Tyler challenged the county’s retention of the surplus in federal court, claiming that the county violated the Fifth Amend­ment of the U.S. Constitution, which pro­hibits governmental takings of private property without just compensation, and the Eighth Amendment of the Constitu­tion, which prohibits governments from imposing excessive fines. The district court dismissed her suit, and the appeals court upheld the dismissal. The Supreme Court agreed to hear Tyler’s case.

Citing the Magna Carta and the Fifth Amendment of the Constitution, the Su­preme Court’s nine justices unanimously agreed that the county’s retention of the $25,000 surplus violated Tyler’s Fifth Amendment rights. Two justices went fur­ther in a concurring opinion, labeling the county’s action as an imposition of an ex­cessive fine in violation of the Eighth Amendment. The other justices declined to rule on the Eighth Amendment issue, believing that the Fifth Amendment gave Tyler sufficient grounds to prevail.

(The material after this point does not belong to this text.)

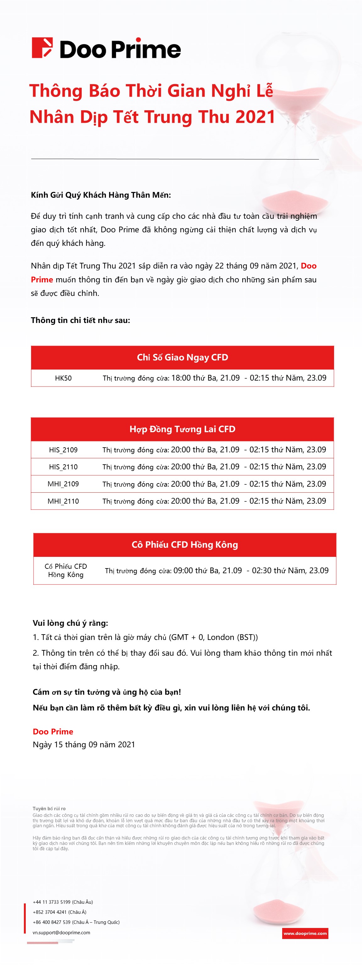 Chúng tôi xin thông tin đến bạn về giờ giao dịch được điều chỉnh cho các ngày lễ sắp tới trong tháng 04 năm 2025.
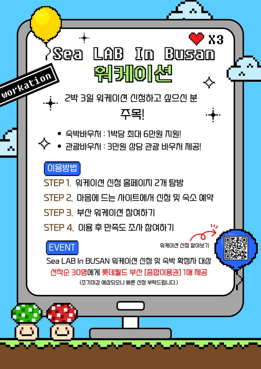 특히 오는 2월 15일까지 워케이션을 신청하고 숙박까지 확정한 선착순 30명에게는 롯데월드 부산 종합이용권 1매를 제공한다.

Parallels to Bay State Foreclosure Rules

Massachusetts’s tax foreclosure proce­dure is similar to Minnesota’s. The Massa­chusetts statute provides that if delinquent real estate taxes are not paid within 14 days after the municipality’s demand, the tax collector may proceed to take the land for the municipality. Delinquent taxes ini­tially accrue interest at 14 percent per year. If the taxes are not paid within 14 days after the collector notifies the tax­payer of its intention to do so, the collec­tor may take the property and record a no­tice at the local registry of deeds.

After the taking, the interest rate on the delinquent taxes jumps to 16 percent per year. The collector does not need a court order to effect the taking. After the taking, taxpayers have a right to redeem the prop­erty by paying the taxes and interest, and taxpayers usually continue to possess the property, until their right of redemption is foreclosed.

To foreclose the taxpayer’s right of re­demption, the municipality must file a foreclosure action in Land Court. The tax­payer’s right of redemption continues until the Land Court enters a final foreclosure judgment. If the taxpayer fails to redeem before the judgment, the municipality gains full value of the real estate, and the taxpayer retains nothing and forfeits the value of its equity. The statute lets taxpay­ers petition the Land Court to vacate the foreclosure judgment for up to one year after its entry, but judges have discretion to grant or deny such petitions.

The situation in Massachusetts is exac­erbated when municipalities deal with pri­vate investors such as Tallage LLC, which uses subsidiaries to acquire tax titles and then foreclose on taxpayers’ rights of re­demption. Registry of Deeds and Land Court records reveal that Tallage routinely purchases tax titles, secures foreclosure judgments from the Land Court, and sells the foreclosed properties in private sales for more than the amount of the delin­quent taxes. The Tyler decision may end this questionable practice, which some have called “equity theft.”

In light of the Supreme Court’s Tyler de­cision, Massachusetts’s tax lien foreclo­sure procedures are difficult to defend. If the Massachusetts legislature does not change them, state or federal courts prob­ably will.